Drop the pictures, then repeat every record exactly as it stands.

◆ ◆ ◆ ◆ ◆

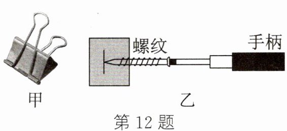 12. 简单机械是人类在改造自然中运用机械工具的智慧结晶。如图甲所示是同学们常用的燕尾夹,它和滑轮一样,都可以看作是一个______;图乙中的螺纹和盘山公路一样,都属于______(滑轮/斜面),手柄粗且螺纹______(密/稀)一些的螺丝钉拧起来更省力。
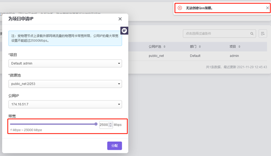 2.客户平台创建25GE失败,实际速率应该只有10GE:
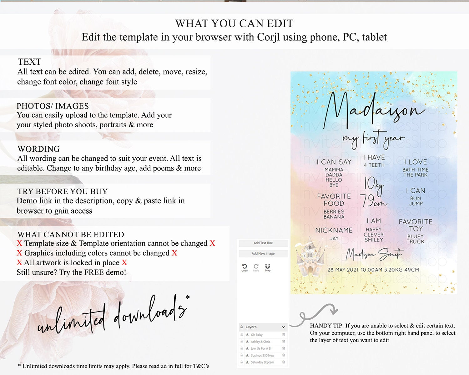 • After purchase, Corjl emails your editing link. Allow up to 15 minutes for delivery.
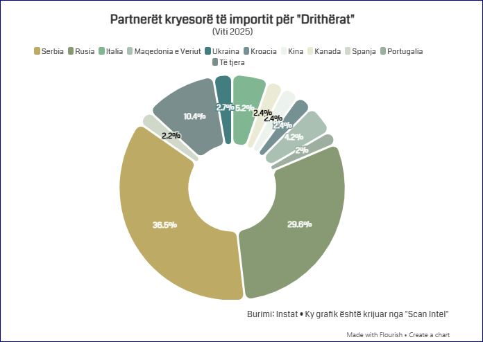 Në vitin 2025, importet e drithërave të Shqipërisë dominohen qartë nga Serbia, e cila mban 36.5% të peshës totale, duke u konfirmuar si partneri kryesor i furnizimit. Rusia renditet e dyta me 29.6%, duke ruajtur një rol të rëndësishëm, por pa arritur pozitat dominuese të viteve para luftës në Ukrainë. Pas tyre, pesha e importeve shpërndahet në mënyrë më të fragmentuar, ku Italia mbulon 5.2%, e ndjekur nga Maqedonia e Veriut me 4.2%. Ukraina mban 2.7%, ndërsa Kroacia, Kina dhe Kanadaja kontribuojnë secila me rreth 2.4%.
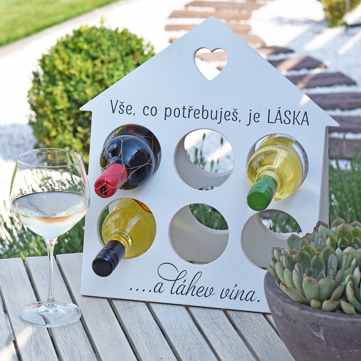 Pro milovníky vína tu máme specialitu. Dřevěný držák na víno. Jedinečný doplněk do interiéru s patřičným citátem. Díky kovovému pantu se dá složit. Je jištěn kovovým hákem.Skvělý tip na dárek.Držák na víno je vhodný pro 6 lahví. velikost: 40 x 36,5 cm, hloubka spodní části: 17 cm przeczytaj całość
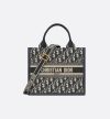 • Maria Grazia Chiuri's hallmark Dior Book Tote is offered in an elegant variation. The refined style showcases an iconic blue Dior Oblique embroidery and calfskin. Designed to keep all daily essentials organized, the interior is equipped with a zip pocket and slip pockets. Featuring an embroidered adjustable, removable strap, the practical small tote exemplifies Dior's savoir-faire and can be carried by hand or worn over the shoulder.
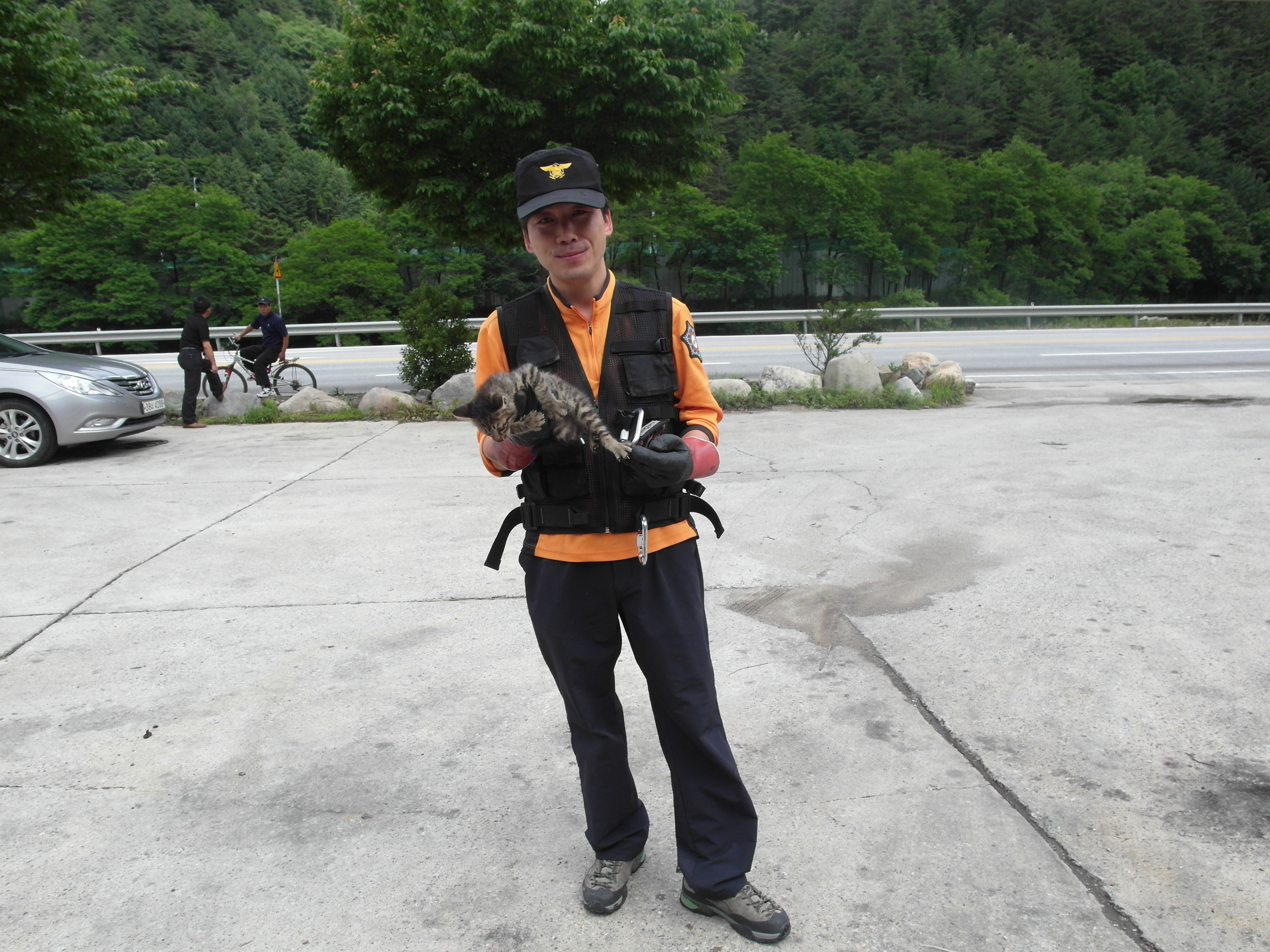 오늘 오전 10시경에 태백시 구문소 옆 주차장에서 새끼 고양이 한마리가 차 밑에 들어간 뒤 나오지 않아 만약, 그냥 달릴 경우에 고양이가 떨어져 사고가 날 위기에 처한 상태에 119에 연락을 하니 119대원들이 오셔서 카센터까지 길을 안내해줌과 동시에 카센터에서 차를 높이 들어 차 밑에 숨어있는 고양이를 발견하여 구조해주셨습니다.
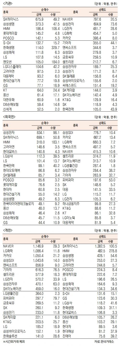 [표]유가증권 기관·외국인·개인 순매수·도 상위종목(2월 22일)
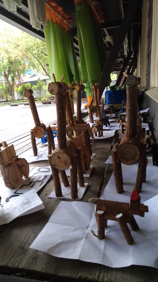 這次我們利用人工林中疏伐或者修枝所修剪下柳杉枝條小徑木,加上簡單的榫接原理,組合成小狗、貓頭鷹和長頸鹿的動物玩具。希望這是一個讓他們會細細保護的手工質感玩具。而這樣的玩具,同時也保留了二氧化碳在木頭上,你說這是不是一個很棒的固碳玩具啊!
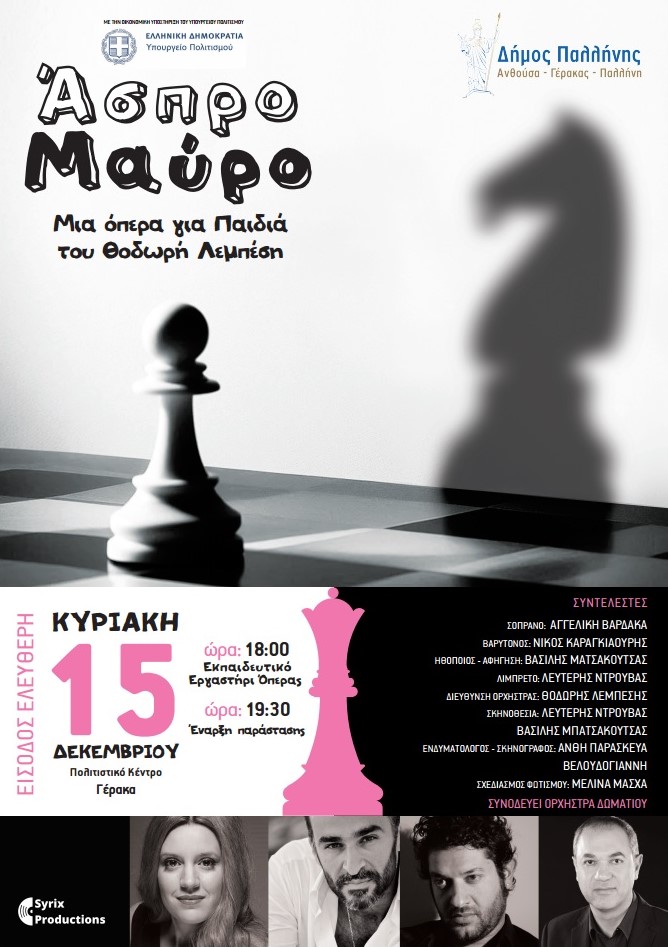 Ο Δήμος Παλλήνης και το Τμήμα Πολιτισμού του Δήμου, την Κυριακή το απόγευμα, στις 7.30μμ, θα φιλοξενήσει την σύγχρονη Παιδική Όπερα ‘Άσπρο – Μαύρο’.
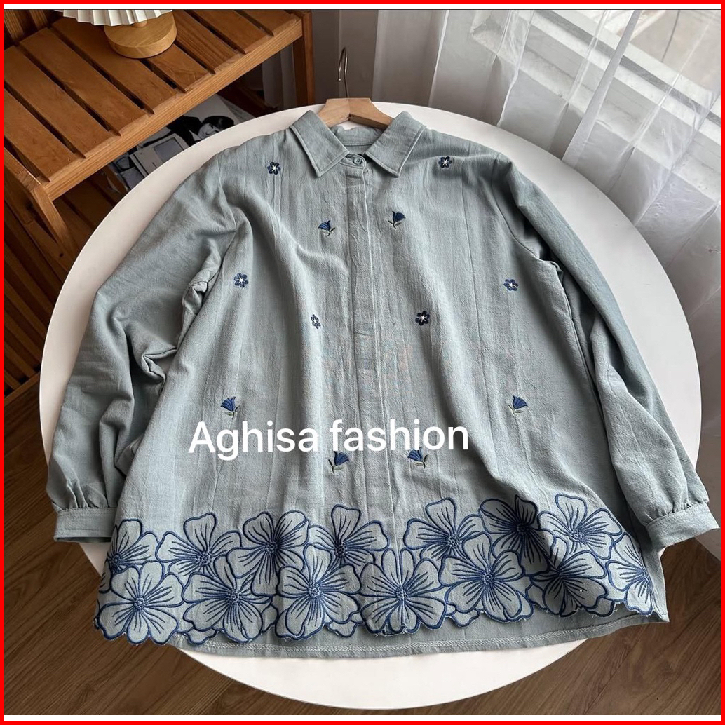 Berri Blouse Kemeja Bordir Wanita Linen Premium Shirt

◆ ◆ ◆ ◆ ◆

→ Your response:
 12. 简单机械是人类在改造自然中运用机械工具的智慧结晶。如图甲所示是同学们常用的燕尾夹,它和滑轮一样,都可以看作是一个______;图乙中的螺纹和盘山公路一样,都属于______(滑轮/斜面),手柄粗且螺纹______(密/稀)一些的螺丝钉拧起来更省力。
 2.客户平台创建25GE失败,实际速率应该只有10GE:
 • After purchase, Corjl emails your editing link. Allow up to 15 minutes for delivery.
 Në vitin 2025, importet e drithërave të Shqipërisë dominohen qartë nga Serbia, e cila mban 36.5% të peshës totale, duke u konfirmuar si partneri kryesor i furnizimit. Rusia renditet e dyta me 29.6%, duke ruajtur një rol të rëndësishëm, por pa arritur pozitat dominuese të viteve para luftës në Ukrainë. Pas tyre, pesha e importeve shpërndahet në mënyrë më të fragmentuar, ku Italia mbulon 5.2%, e ndjekur nga Maqedonia e Veriut me 4.2%. Ukraina mban 2.7%, ndërsa Kroacia, Kina dhe Kanadaja kontribuojnë secila me rreth 2.4%.
 Pro milovníky vína tu máme specialitu. Dřevěný držák na víno. Jedinečný doplněk do interiéru s patřičným citátem. Díky kovovému pantu se dá složit. Je jištěn kovovým hákem.Skvělý tip na dárek.Držák na víno je vhodný pro 6 lahví. velikost: 40 x 36,5 cm, hloubka spodní části: 17 cm przeczytaj całość
 • Maria Grazia Chiuri's hallmark Dior Book Tote is offered in an elegant variation. The refined style showcases an iconic blue Dior Oblique embroidery and calfskin. Designed to keep all daily essentials organized, the interior is equipped with a zip pocket and slip pockets. Featuring an embroidered adjustable, removable strap, the practical small tote exemplifies Dior's savoir-faire and can be carried by hand or worn over the shoulder.
 오늘 오전 10시경에 태백시 구문소 옆 주차장에서 새끼 고양이 한마리가 차 밑에 들어간 뒤 나오지 않아 만약, 그냥 달릴 경우에 고양이가 떨어져 사고가 날 위기에 처한 상태에 119에 연락을 하니 119대원들이 오셔서 카센터까지 길을 안내해줌과 동시에 카센터에서 차를 높이 들어 차 밑에 숨어있는 고양이를 발견하여 구조해주셨습니다.
 [표]유가증권 기관·외국인·개인 순매수·도 상위종목(2월 22일)
 這次我們利用人工林中疏伐或者修枝所修剪下柳杉枝條小徑木,加上簡單的榫接原理,組合成小狗、貓頭鷹和長頸鹿的動物玩具。希望這是一個讓他們會細細保護的手工質感玩具。而這樣的玩具,同時也保留了二氧化碳在木頭上,你說這是不是一個很棒的固碳玩具啊!
 Ο Δήμος Παλλήνης και το Τμήμα Πολιτισμού του Δήμου, την Κυριακή το απόγευμα, στις 7.30μμ, θα φιλοξενήσει την σύγχρονη Παιδική Όπερα ‘Άσπρο – Μαύρο’.
 Berri Blouse Kemeja Bordir Wanita Linen Premium Shirt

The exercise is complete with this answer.